Yes — PyTorch, TensorFlow, and ONNX Runtime all run on Jetson AGX Xavier via JetPack's CUDA-X libraries. Models are typically trained on a desktop or cloud GPU, then exported and optimised for inference using NVIDIA TensorRT, which can achieve 2–4× throughput improvement over unoptimised frameworks on the same hardware. The NVIDIA NGC catalogue also provides pre-trained, optimised model containers ready to deploy directly on Jetson.
How many GPIO pins and communication interfaces does the Jetson AGX Xavier expose?
The AGX Xavier exposes a rich I/O set via its 699-pin board-to-board connector, including GPIO, UART, SPI, CAN, I2C, I2S, DMIC, and DSPK interfaces. The reference carrier board breaks out a 40-pin header compatible with Raspberry Pi HATs for GPIO access. On top of this, 3× USB 3.1, Gigabit Ethernet, and three display outputs (DP/eDP/HDMI) are available. The exact pins exposed at system level depend on the carrier board design.
Is the Jetson AGX Xavier module suitable for beginners or is it aimed at professional engineers?
The bare module is primarily aimed at professional embedded engineers and system integrators designing custom carrier boards for production hardware. Beginners and researchers are better served by the Jetson AGX Xavier Developer Kit, which includes the carrier board, cooling solution, and power supply needed to get started immediately. Once comfortable with the JetPack ecosystem and CUDA development, transitioning to the production module is straightforward.
What is the most common mistake when deploying the Jetson AGX Xavier in production?
The most frequent issue is leaving the module on the default 15W power mode without validating whether a higher TDP is needed — many deployments underperform simply because the power profile was never changed from factory default. A close second is skipping TensorRT optimisation before deployment: running unoptimised PyTorch models can yield 3–4× lower throughput than the hardware is capable of.

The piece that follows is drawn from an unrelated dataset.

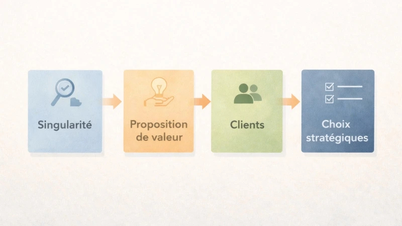 Le témoignage de participants issus de bureaux d’architecture confirme d’ailleurs que ces outils stratégiques sont perçus comme faciles d’accès, simples à mettre en œuvre et mobilisables très rapidement dans le quotidien. C’est un point important, car il enlève à la stratégie son apparence de discipline lointaine ou lourde. Dans la vidéo, plusieurs outils sont évoqués pour aider à clarifier ce qui distingue un bureau : le modèle VRIO, qui permet d’examiner ce qui fait la singularité d’une compétence ou d’un service, et le Business Model Canvas, présenté comme un puzzle méthodologique utile pour structurer une activité, définir sa proposition de valeur et segmenter plus clairement ses clients.

Always benchmark with jetson_clocks and a TensorRT-compiled engine before finalising your system design.
Where can I find official documentation, firmware updates, and community support?
The primary resources are the NVIDIA Jetson Linux Developer Guide at developer.nvidia.com/embedded, the NVIDIA Developer Forums (forums.developer.nvidia.com — Jetson & Embedded Systems section), and NVIDIA SDK Manager for downloading and flashing JetPack releases. The JetsonHacks community site and GitHub organisation also offer hardware teardowns, setup scripts, and project tutorials maintained by the broader Jetson community.